コサインは誤解を招く：補助損失は視覚言語モデルを再形成するのであって、その潜在表現を再形成するのではない

要旨

潜在視覚推論（LVR）は、視覚言語モデル（VLM）において、知覚と回答生成の間に教師あり潜在トークンを挿入する手法である。この分野では、これらの潜在表現とその視覚ターゲットとの間のアライメント（コサイン類似度や平均二乗誤差（MSE））を、訓練損失および品質指標の両方として用いており、より良いアライメントがより良い回答をもたらすと仮定している。我々は設計した5種類のLVRバリアントのマトリックスを用いてこれを検証し、仮定が逆転していることを発見した。すなわち、コサインアライメントは5つすべてにおいて精度と負の相関を示した（r = -0.94）。この結果を説明するために、我々はPRISMを導入する。これは推論時に使用する一対の診断手法であり、回答がどこでデコード可能かを問う線形プローブと、潜在表現が荷重を支えているかどうかを問う破壊テストから成る。教師あり潜在表現はほとんど迂回されている。これらを破壊しても、精度の変化は最大で4ポイントである。回答は潜在表現の下流ではデコード可能であるが、その位置ではデコード不可能であり、このデコード可能性のギャップの大きさは、摂動下における各バリアントが自身の潜在表現にどの程度依存しているかを予測する。損失に対する情報ボトルネック的解釈と一致して、補助目的関数は、名目上最適化される潜在変数ではなく、共有パラメータを介して言語モデルを再形成する。

English

Latent visual reasoning (LVR) inserts supervised latent tokens between perception and answer generation in vision-language models (VLMs). The field uses alignment between these latents and their visual targets, i.e., cosine similarity or mean squared error (MSE), as both the training loss and the quality metric, assuming that better alignment yields a better answer. We test this with a designed matrix of five LVR variants and find the assumption inverted: cosine alignment is negatively correlated with accuracy across all five (r=-0.94). To explain this, we introduce PRISM, a pair of inference-time diagnostics: a linear probe that asks where the answer is decodable, and a corruption test that asks whether the latent is load-bearing.
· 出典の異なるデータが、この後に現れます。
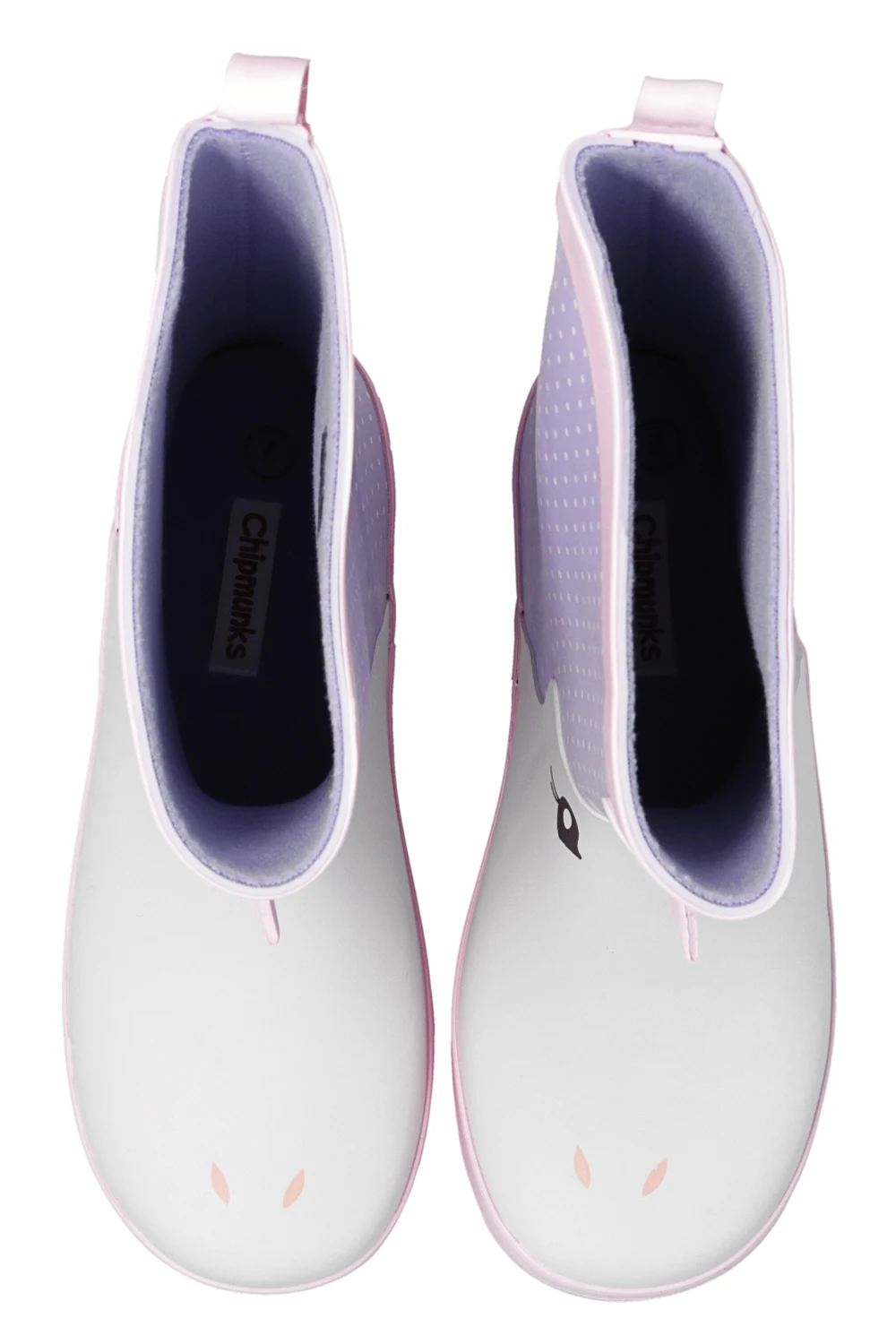 White, purple and pink, waterproof ‘Una Unicorn’ rain boots from Chipmunks. Decorated with a unicorn motif and raised logo, this pair features textile lining, purple rubber sole and two half-round straps for an easy on and off.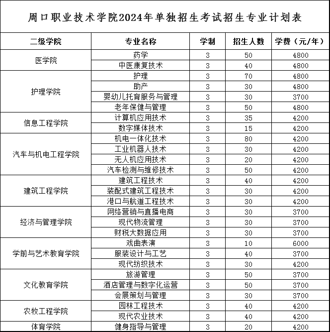 1.我校2024年高职单独考试招生安排招生计划1000人,招生专业及分专业计划以河南省教育厅审核批复后公布的高职单招招生章程为准。2.我校2024年高职单招针对退役士兵单列计划30人,单列计划招生专业为计算机应用技术、机电一体化技术、中医康复技术、汽车检测与维修技术、装配式建筑工程技术五个专业,符合退役士兵资格的考生须在单列专业内选择填报专业志愿。我校单招录取的退役士兵考生须将档案转至学校,全日制在校学习。

The supervised latents are largely bypassed. Corrupting them shifts accuracy by at most four points. The answer is decodable downstream of the latent but not at it, and the size of this decodability gap predicts how much each variant relies on its latent under perturbation. Consistent with an Information Bottleneck reading of the loss, the auxiliary objective reshapes the language model via shared parameters rather than via the latent variable it nominally optimizes.